There were girls, up on the stages and in and among the audience, showing off what they’d got and what they could do, all of them naked, all of them dead. The spirits of departed women, condemned to wander the Earth for this reason or that, lap-dancing for the living. Some seemed completely real and solid, while others were only wisps of smoke or mist, tinted all of the colours of the rainbow by the coloured gels rotating in front of the stage lights. Most of the girls drifted from one state to the other and back again, as they stamped and spun and shook their breasts, pumping their hips and curling around the steel poles on the stages, all the time favouring the nearest customers with wide smiles that meant nothing, nothing at all. Ghostly girls, the dancing dead—the ultimate look but don’t touch.

There was a tacky-looking bar set to one side, and leaning up against it, the legendary Dead Boy himself. Technically speaking, he wasn’t old enough to be in a club like this. Dead Boy was seventeen, and had been for some thirty years, ever since he was murdered—clubbed down in the street for his credit cards and mobile phone. He came back from the dead, after making a deal with someone he still preferred not to name, and took a terrible vengeance on his killers, only to find that his deal made it impossible for him to go to his rest afterwards. And so he walks the Nightside, forever young, forever damned, his spirit possessing his own dead body, doing good deeds in the hope that eventually he’ll accumulate enough goodwill in Heaven to break the terms of the deal he made.

He was tall and adolescent thin, wrapped in a dark purple greatcoat, over black leather trousers and tall calfskin boots. He wore a black rose on one lapel and a large floppy black hat perched on the back of his head. His coat hung open, revealing a corpse-pale torso held together with stitches and staples and duct tape. He doesn’t feel pain any more, but he can still take damage. If I looked closely I could see the bullet hole in his forehead that he’d filled in with builder’s putty.
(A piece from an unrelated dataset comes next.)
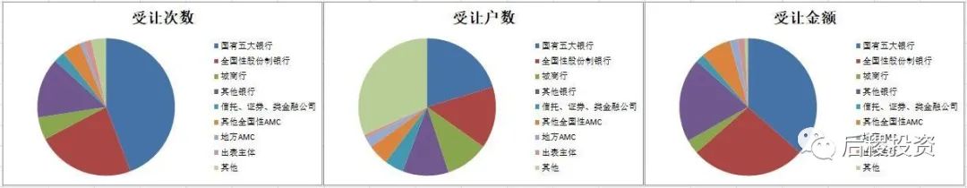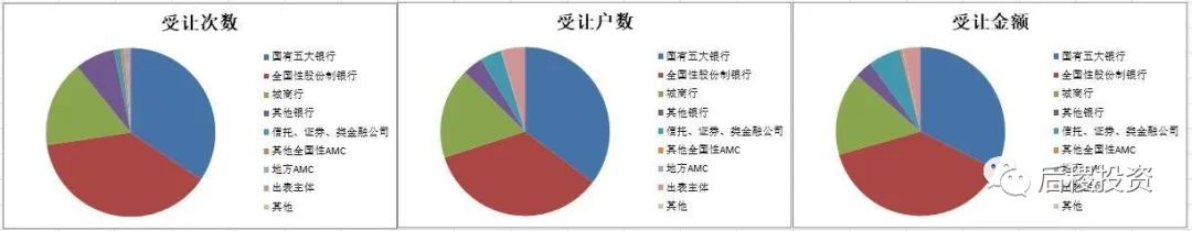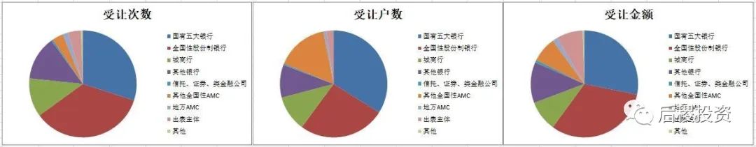 華融的債權受讓來源與東方類似,但國有五大行和全國性股份制銀行的占比相較于東方要稍微高一些,債權受讓來源較為多元化。

His long white face had a weary, debauched look, with burning fever-bright eyes and a pouting sulky mouth with no colour in it. He had experimented with makeup, but mostly he just couldn’t be bothered. Long dark hair fell to his shoulders in oiled ringlets. He looked calm, casual, even bored. He was drinking whiskey straight from the bottle and eating Neapolitan ice cream straight from the tub. He nodded easily as I came over to join him.

“Hello, Taylor,” he said indistinctly, around a mouthful of ice cream. “Pardon my indulgence, but when you’re dead you have to take your pleasures where you can find them. I’d offer you a drink, but I’ve only got the one bottle. And don’t order anything from the bar—their prices are appalling, and the drinks are worse.”

I nodded. I already knew that. I’d been here once before, working a case, and had allowed myself to be persuaded to order what passed for champagne. It tasted like cherry cola. Nothing was what it seemed here. Even the waitress had an Adam’s apple.

“So you’re the bouncer?” I said, leaning easily back against the bar beside him.

“I run security here,” he corrected me. “I keep an eye on things. Most of the punters take one look at me, and know better than to start anything.”

“I thought you had a steady gig, body-guarding that singer, Rossignol?”

He shrugged. “She’s off touring Europe. And I… prefer not to leave the Nightside. This job’s just temporary, until I can scare something else up. Even the dead have to earn a living. Hence the girls here.”

I nodded. The Nightside accumulates more than its fair share of ghosts and revenants, one way and another, and they all have to go somewhere.